Find "Statistically significant (p", then copy its line and every later line of the entries exactly through the end, leaving all pictures out.

........

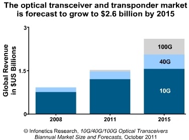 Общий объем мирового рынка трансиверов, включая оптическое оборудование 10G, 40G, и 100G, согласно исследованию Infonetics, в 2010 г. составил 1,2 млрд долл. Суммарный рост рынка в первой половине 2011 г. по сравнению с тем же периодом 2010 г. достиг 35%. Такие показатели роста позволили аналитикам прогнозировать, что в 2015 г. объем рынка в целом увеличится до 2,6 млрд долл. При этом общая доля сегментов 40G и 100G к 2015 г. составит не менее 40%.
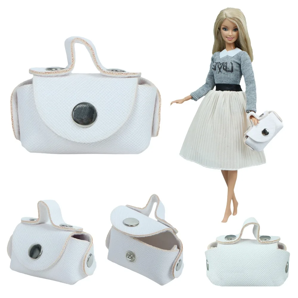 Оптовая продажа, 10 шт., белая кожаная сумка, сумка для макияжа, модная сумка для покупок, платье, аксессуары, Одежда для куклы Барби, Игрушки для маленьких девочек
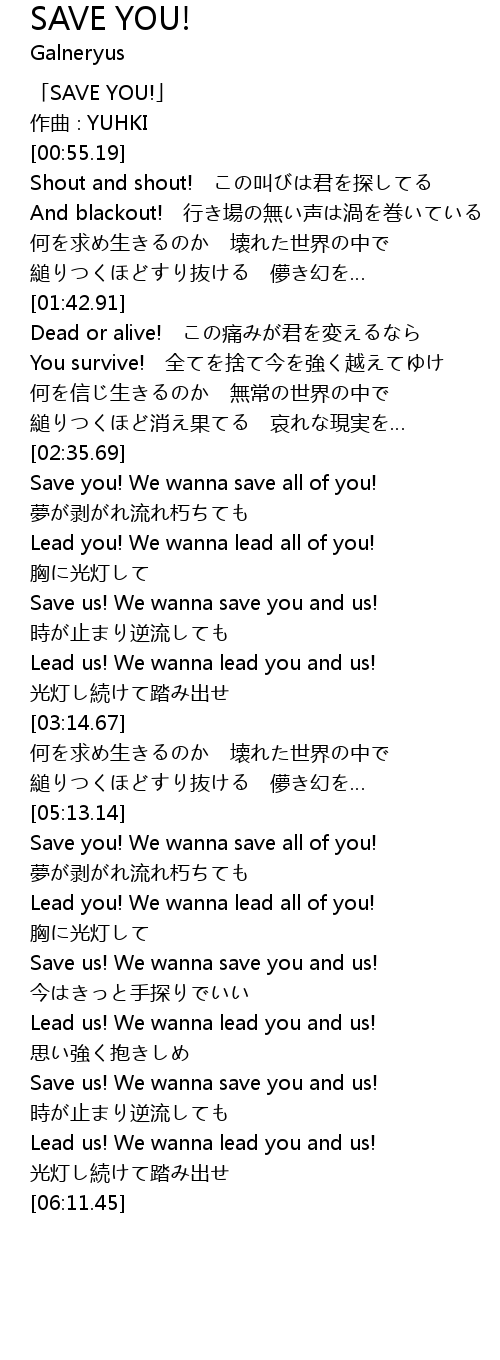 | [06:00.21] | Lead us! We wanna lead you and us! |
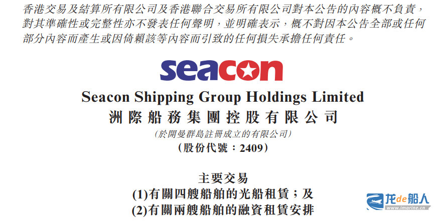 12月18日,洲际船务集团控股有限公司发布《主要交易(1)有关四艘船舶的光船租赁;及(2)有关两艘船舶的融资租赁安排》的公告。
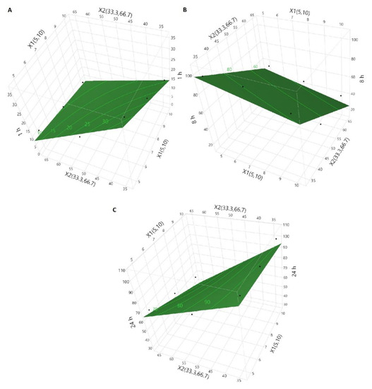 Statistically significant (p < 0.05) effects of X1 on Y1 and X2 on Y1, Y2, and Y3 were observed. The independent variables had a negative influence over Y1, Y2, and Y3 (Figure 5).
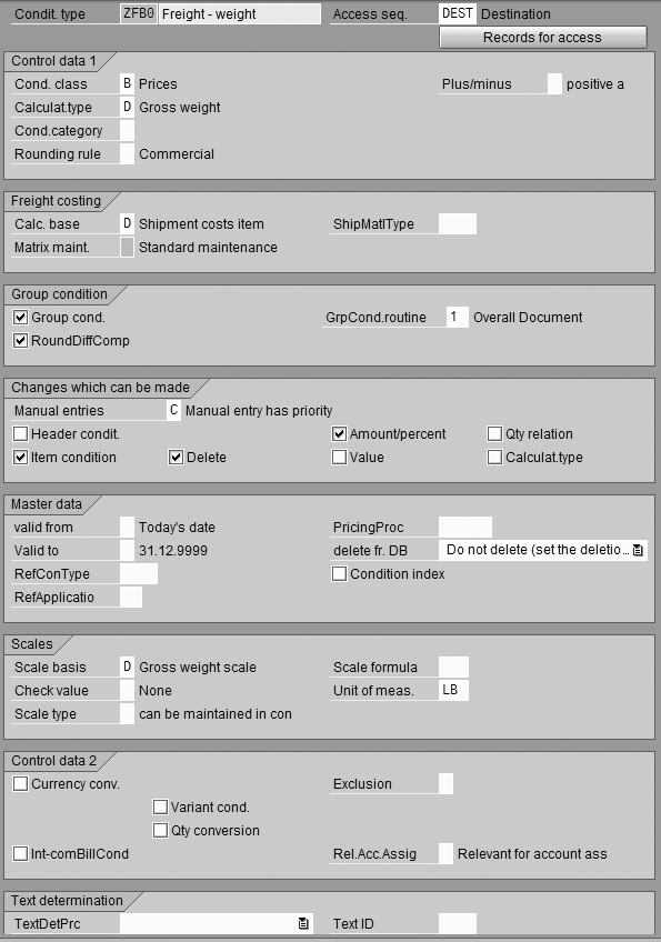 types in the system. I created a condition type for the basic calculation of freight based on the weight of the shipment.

........

Output for this task:
 Statistically significant (p < 0.05) effects of X1 on Y1 and X2 on Y1, Y2, and Y3 were observed. The independent variables had a negative influence over Y1, Y2, and Y3 (Figure 5).
 types in the system. I created a condition type for the basic calculation of freight based on the weight of the shipment.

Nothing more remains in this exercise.